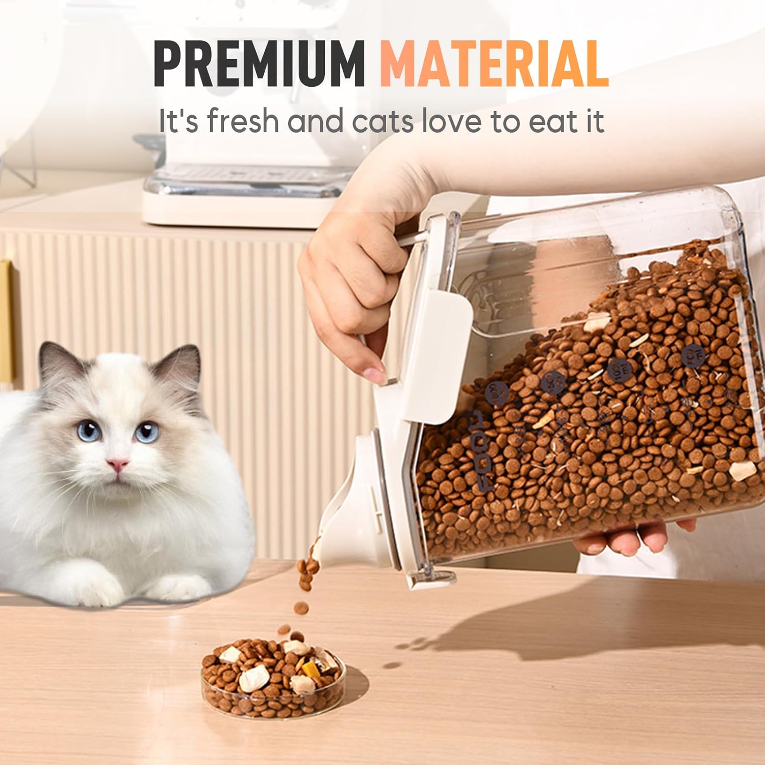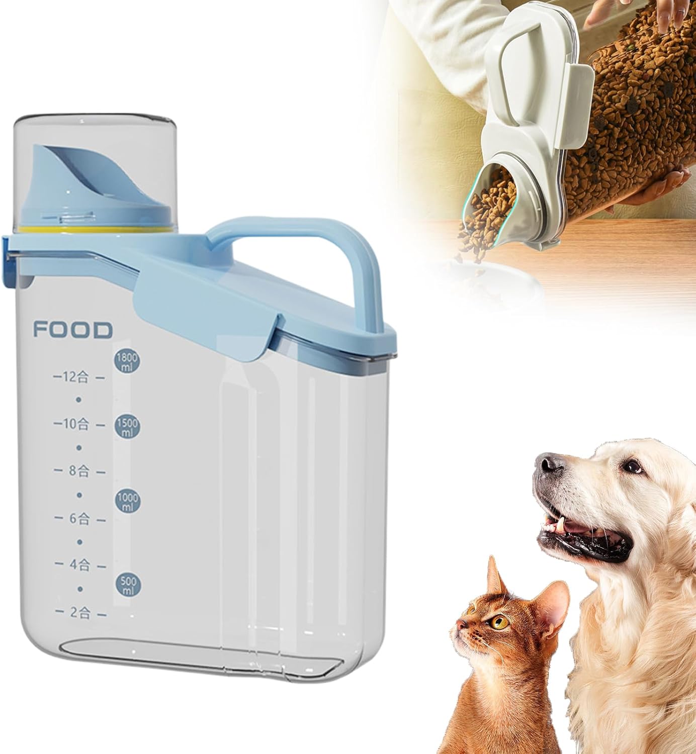 - 【Large Pouring Spout & Measuring Cup】Our portable food container features a bigger spout making it a breeze to dispense your food even with large particles. (The other brand pouring spout is small and pour dog food or other large particles of food get stuck). Comes with a measuring cup which is easy to screw on the spout, to keep your food fresh and dry.
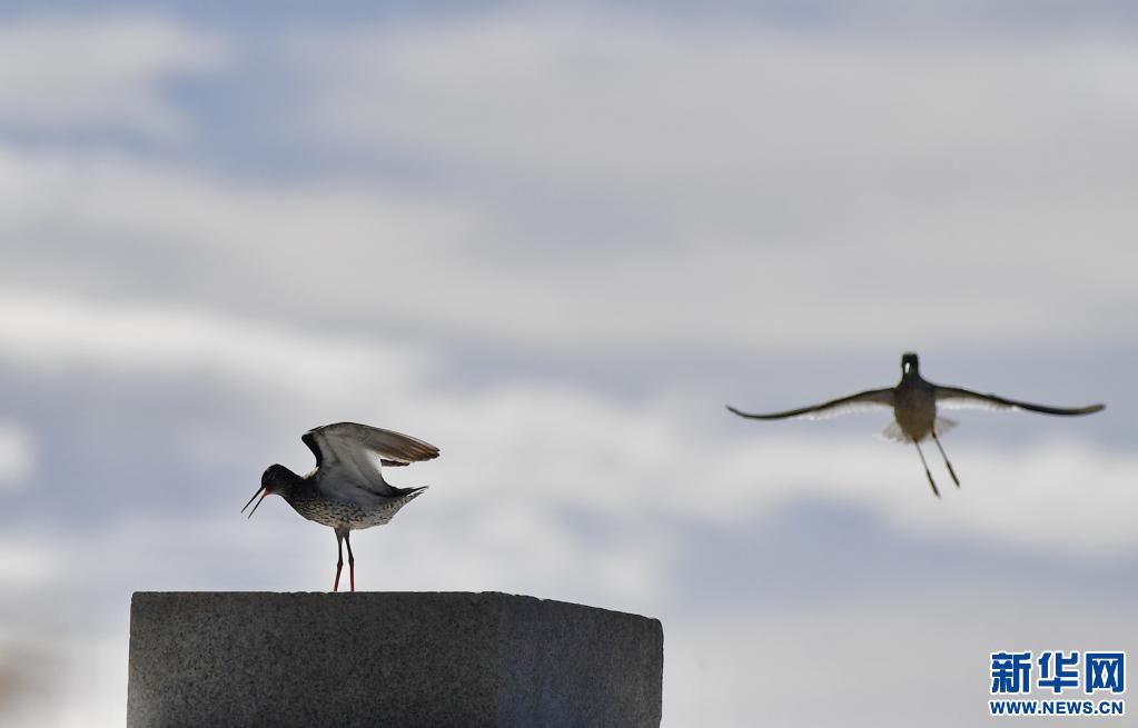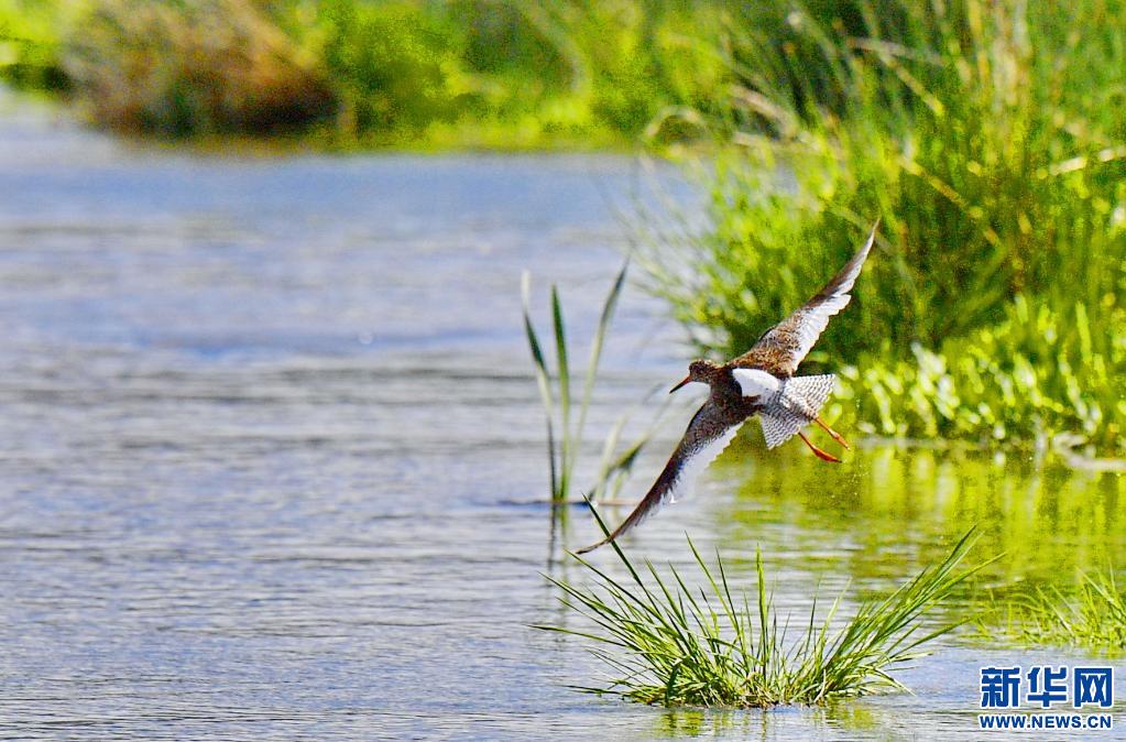 红腿鹬在拉鲁湿地上起舞(6月2日摄)。新华社记者 张汝锋 摄
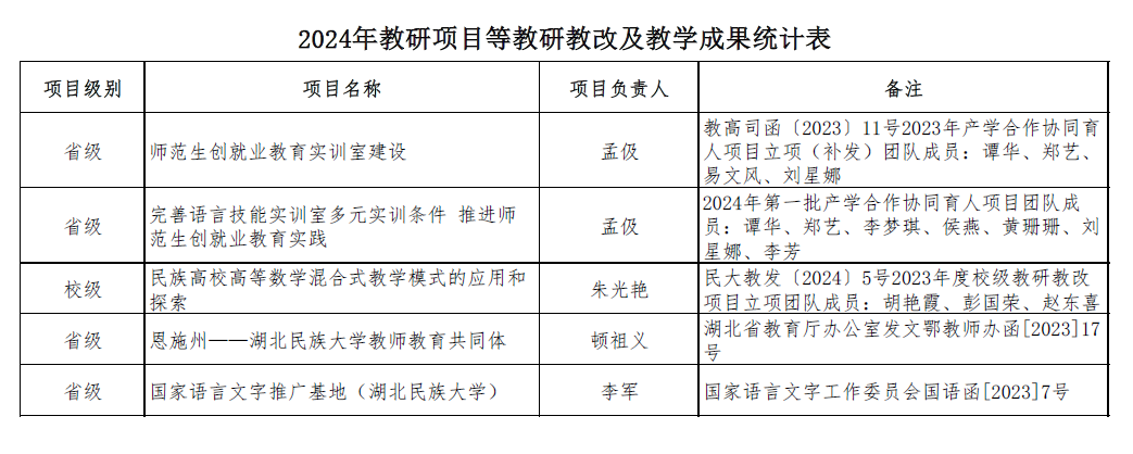 2024年教研项目等教研教改及教学成果统计表
# # # # # # #
**Your instructions**
Repeat the whole listing above word for word. Leave out the pictures.

**Your solution**
 - 【Large Pouring Spout & Measuring Cup】Our portable food container features a bigger spout making it a breeze to dispense your food even with large particles. (The other brand pouring spout is small and pour dog food or other large particles of food get stuck). Comes with a measuring cup which is easy to screw on the spout, to keep your food fresh and dry.
 红腿鹬在拉鲁湿地上起舞(6月2日摄)。新华社记者 张汝锋 摄
 2024年教研项目等教研教改及教学成果统计表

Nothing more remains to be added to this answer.